Octavia pierde también lo suyo. Su trabajo (poner la voz en el metro, en los contestadores telefónicos y en incontables sitios más), ha ido erosionando su optimismo gota a gota. Su vida tampoco está en el mejor momento: su novio la ha dejado por otra, sus amigos le han dado la espalda y su madre es una pasivo-agresiva de manual.

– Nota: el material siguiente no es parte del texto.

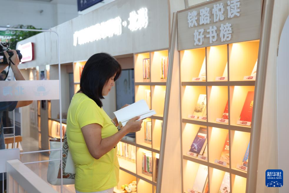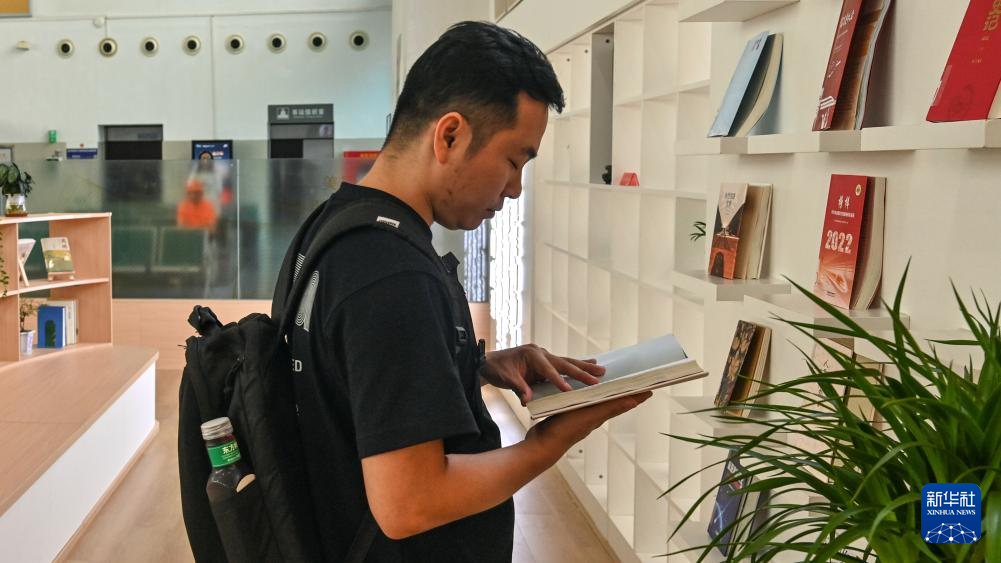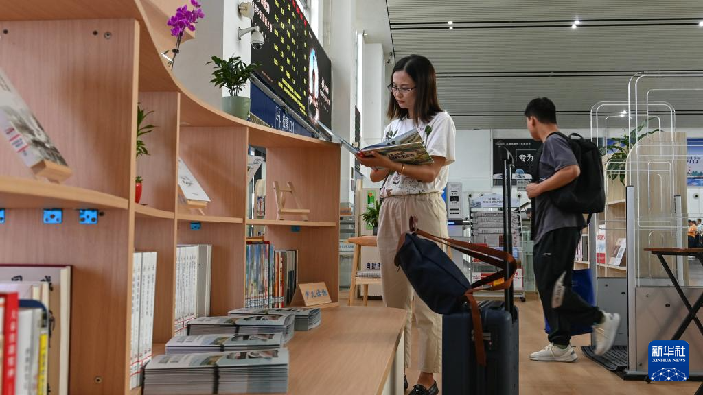 9月20日,在钦州东站,乘客在高铁读书驿站阅读书籍。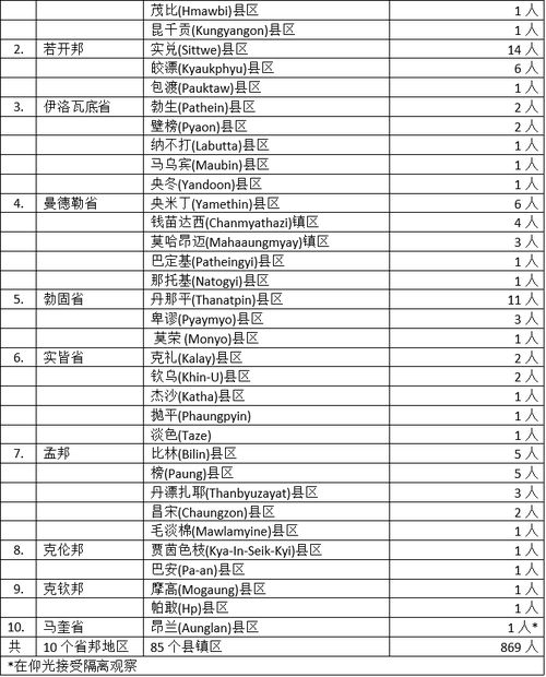 缅甸卫生暨体育部9月24日下午6时30分发出公告,通告9月23日发现的869名确诊者的一些情况。这869名确诊者来自10个省邦地区,他们所属县镇如下: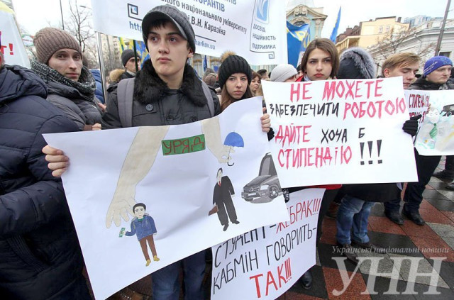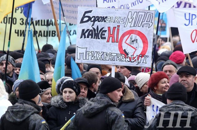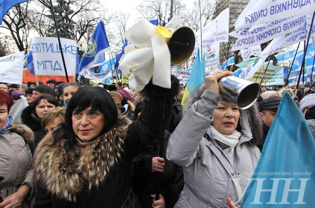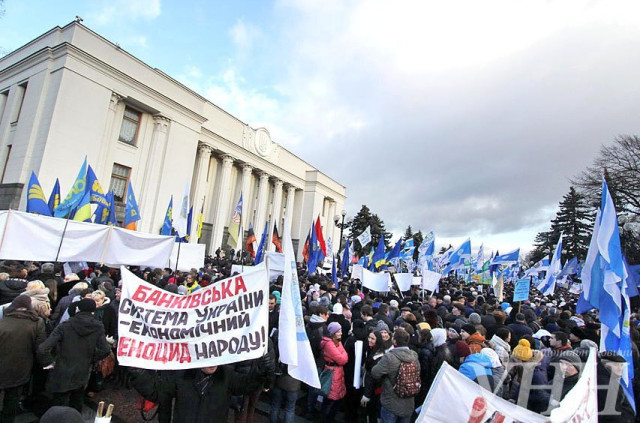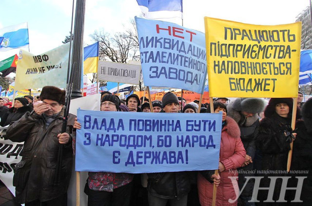 Протестувальники вийшли з різними вимогами: проти скорочення соцвидатків, приватизації об'єктів держвласності, "банківського свавілля".
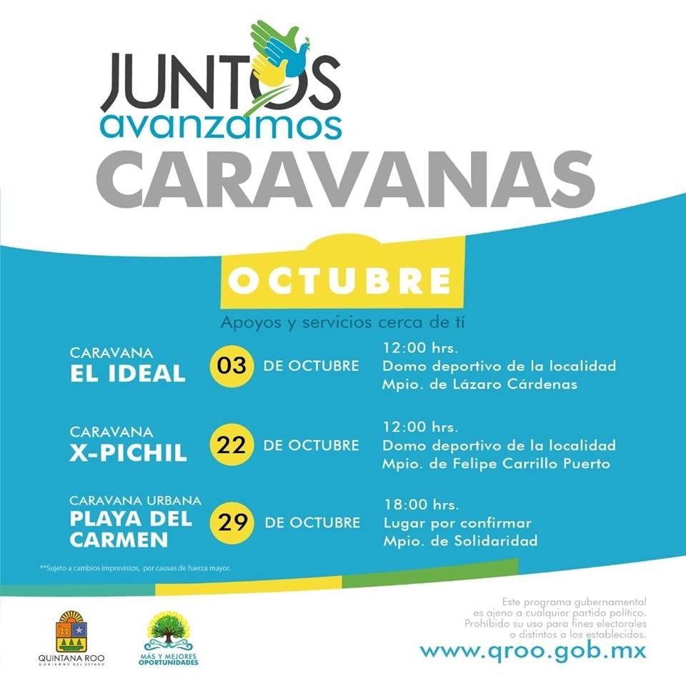 Así mismo, a las y los vecinos de Felipe Carillo Puerto, se les avisa que el 22 de octubre la caravana Juntos avanzamos estará en el domo deportivo de la localidad de X-Pichil. El 29 de octubre estará en Playa del Carmen acercando más y mejores oportunidades.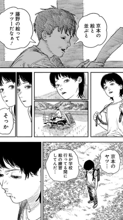 Sia chiaro: non voglio e non posso addentrarmi in una critica artistica, tanto scarsa è rapsodica è la mia conoscenza del fumetto giapponese. Mi limiterò a due osservazioni: una che riguarda specificatamente la narrativa di Fujimoto e una più generale sul medium fumetto.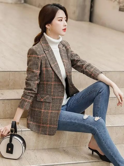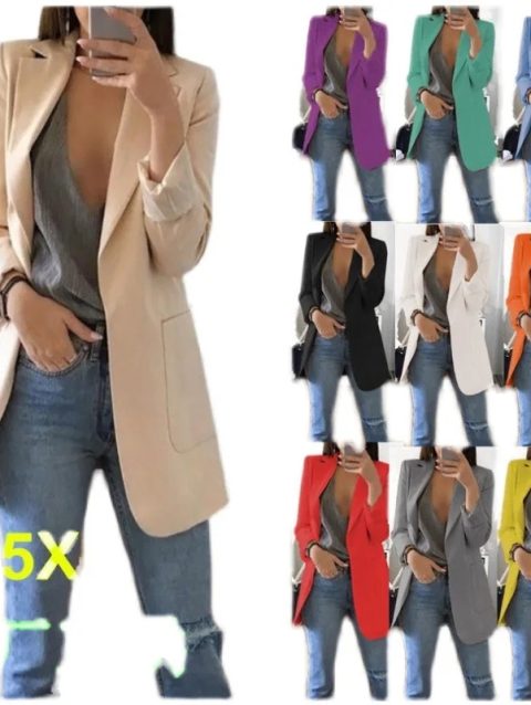 Casual Long Sleeve Suit Blazer Office Lady Spring Autumn Fashion Elegant Solid Outerwear Jacket For Women 2024 Female Coat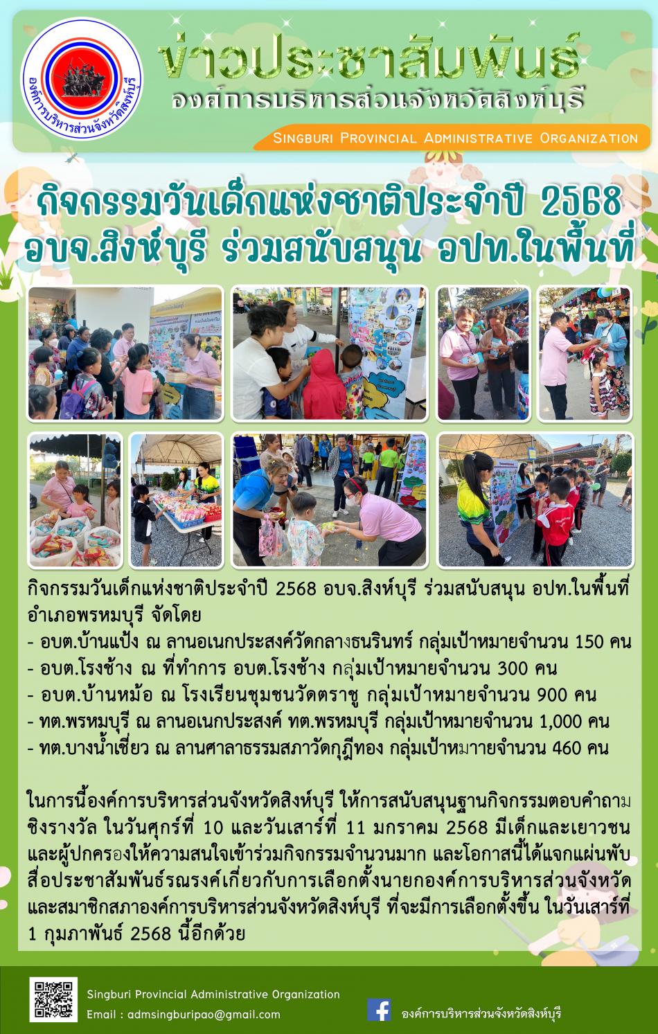 กิจกรรมวันเด็กแห่งชาติประจำปี 2568 อบจ.สิงห์บุรี ร่วมสนับสนุน อปท.ในพื้นที่ [10 มกราคม 2568]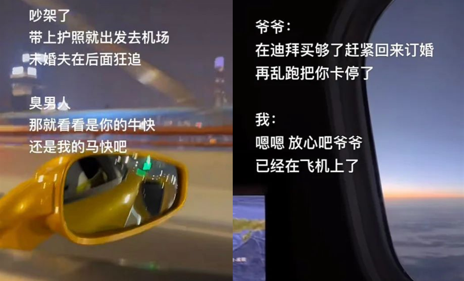 “吵架了,带上护照就出发去机场,未婚夫在后面狂追,看看是你的牛快还是我的马快。”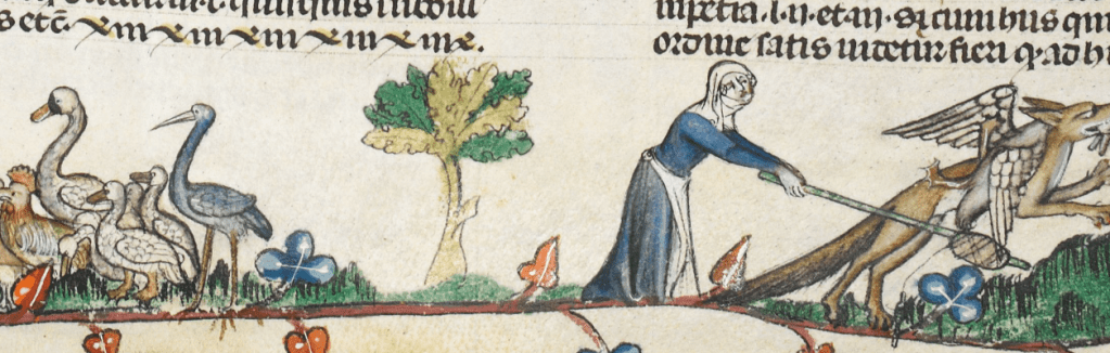 Many illustrations of people from all levels of society survive showing people wearing undergarments but this example gives us insight to the construction technique. The historical use of braies by women is assumed by us and use by members of the SCA is common.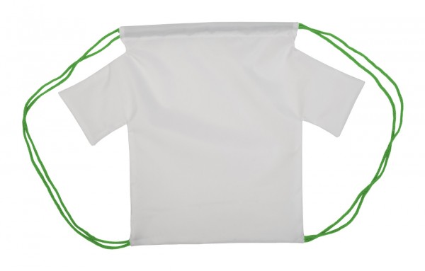 Rucsac cu șnur, în formă de tricou, realizată la comandă, pentru copii, cu șnur colorat, poliester 190T. Cu grafică imprimată prin sublimare. MOQ: 25 buc.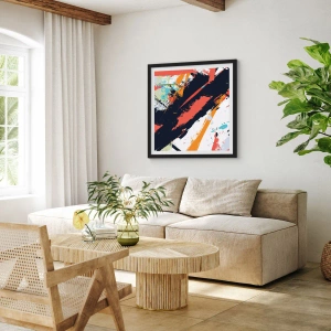 Det abstrakte motiv, fuld af energi og moderne æstetik, er et fremragende valg for dem, der værdsætter kunst og dristige accenter i indretningen. Denne plakat bringer friskhed og dynamik til ethvert rum.

Las vidas de Julián y Octavia convergen en tres días que se aceleran de repente, y juntos fantasean con huir de una Barcelona plácida y aburrida al ritmo de canciones épicas. Un libro, una cinta y una casualidad como tantas otras completarán este encuentro imprevisto que cambiará, al menos por un momento, las vidas, decisiones y esperanzas de sus protagonistas.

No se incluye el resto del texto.